I am testing the set of data of coefficient J. It looks like this
I want to test the normality of this set using the K-S test, but I.m not sure how the parameters should be adjusted here. I wrote
from scipy.stats import kstest
seed(1234)
# normality test
result = kstest(J_ridge.flatten(), 'norm',alternative='greater')
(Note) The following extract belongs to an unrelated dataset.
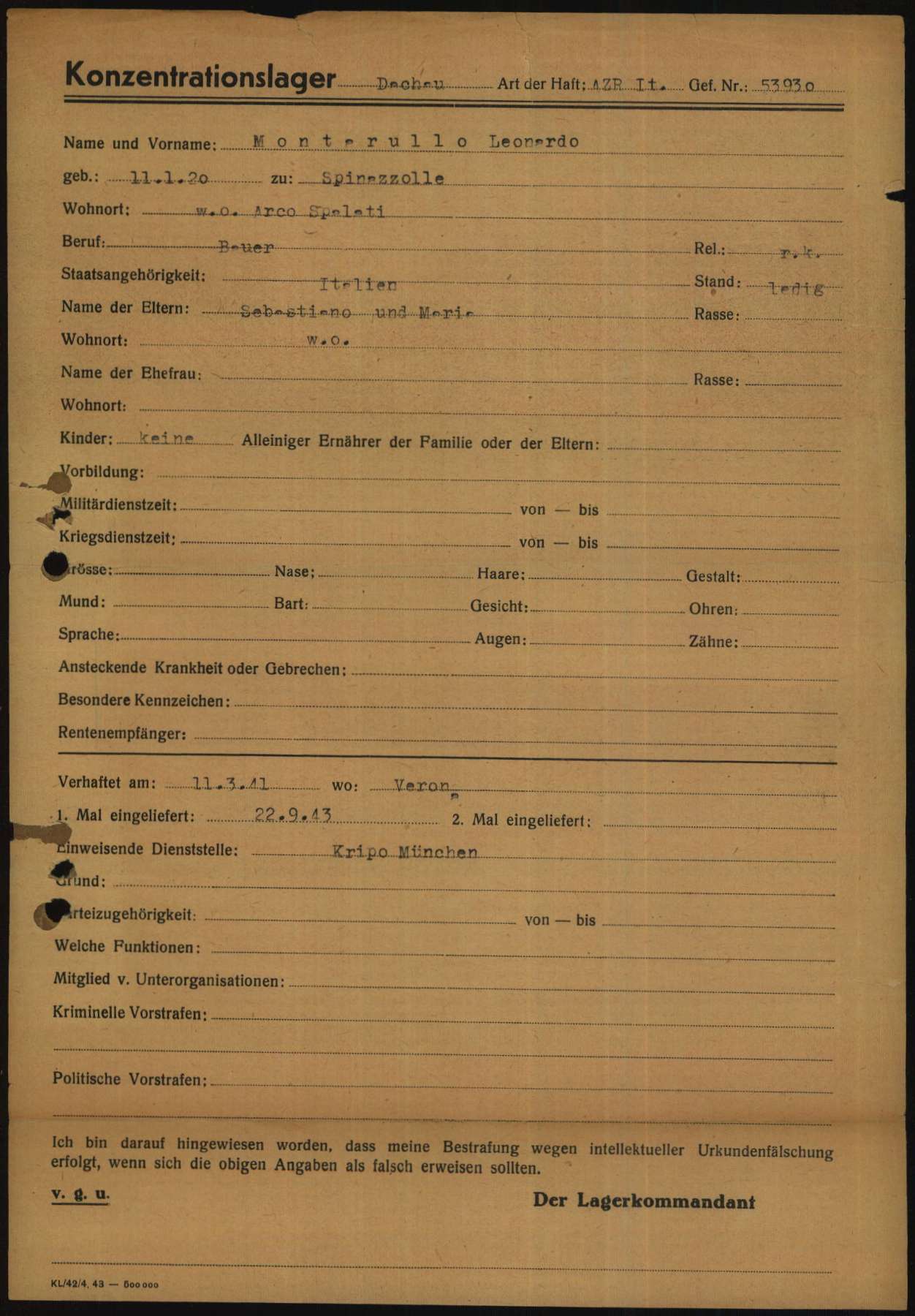 Montarullo Leonardo, nasce a Spinazzola (Bari) l’11 gennaio 1920. Celibe, risiede a Spinazzola. Viene arrestato a Verona l’11 marzo 1941 e detenuto nel Reclusorio militare di Peschiera del Garda (Verona). Su disposizione della Kripo di Monaco di Baviera (Kriminalpolizei – Polizia criminale), viene deportato nel Campo di concentramento di Dachau sul convoglio partito da Peschiera del Garda il 20 settembre 1943 (trasporto n° 2). All’arrivo, il 22 settembre 1943, gli viene assegnato il numero di matricola 53930 e viene classificato come deportato ai lavori forzati (AZR – Arbeitszwang Reich). Mestiere dichiarato all’atto dell’immatricolazione (o mestiere assegnato nel campo): contadino. Viene trasferito a Fischen (campo satellite dipendente da Dachau), dove viene liberato il 22 aprile 1945.

>> KstestResult(statistic=0.49068097451020654, pvalue=0.0)
But I don't know what alternative to use or other parameters needed in the K-S test.
Perhaps a more useful test of normality, if $\mu$ and $\sigma$ are unknown, would be the Shapiro-Wilk test.
The null hypothesis of the Kolmogorov-Smirnov test is that the population from which data are sampled has a specific normal distribution (with specified mean $\mu$ and and standard deviation $\sigma.)$ Consequently, if you used a K-S test, you would need to estimate $\mu \approx \bar X = \frac{1}{n}\sum_{i=1}^n X_i$ and $\sigma^2 \approx S^2= \frac{1}{n-1}\sum_{i=1}^n (X_i-\bar X)^2,$ but you would have to allow for that estimation in determining the P-value of the K-S test.
By contrast, the null hypothesis of the Shapiro-Wilk test is that the population from which data are randomly sampled is some normal distribution (with unspecified parameters). Another advantage is that the S-W test has better power (is more likely to detect actual non-normality) for a given sample size.
Example in R:
Sample of size $n=500$ from $\mathsf{Norm}(\mu=100, \sigma=10):$
set.seed(831)
x = rnorm(500, 100, 10)
summary(x); length(x); sd(x)
Min. 1st Qu. Median Mean 3rd Qu. Max.
73.63 94.31 100.08 100.30 106.79 127.85
[1] 500 # sample size
[1] 9.575485 # sample standard deviation
The null hypothesis is not rejected at the 5% level; P-value 0.674. So data $X$ are 'consistent with normal'.
shapiro.test(x)
Shapiro-Wilk normality test
data: x
W = 0.99754, p-value = 0.674
Linear transformation of $X$ changes parameters, but $Y$ still passes the normality test (P-value unchanged).
y = .5*x + 2
summary(y); length(y); sd(y)
Min. 1st Qu. Median Mean 3rd Qu. Max.
38.81 49.16 52.04 52.15 55.39 65.93
[1] 500
[1] 4.787742
shapiro.test(y)$p.val
[1] 0.6739557
Nonlinear transformation, destroys normality. S-W test rejects normality for $W$ (P-value below 5%).
summary(w); length(w); sd(w)
Min. 1st Qu. Median Mean 3rd Qu. Max.
5421 8895 10016 10151 11404 16347
[1] 500
[1] 1935.915
shapiro.test(w)$p.value
[1] 0.001056042
Graphical displays:
The histogram of $W$ is right-skewed, not normal.
The normal quantile plot of $W$ (right panel) is distinctly nonlinear.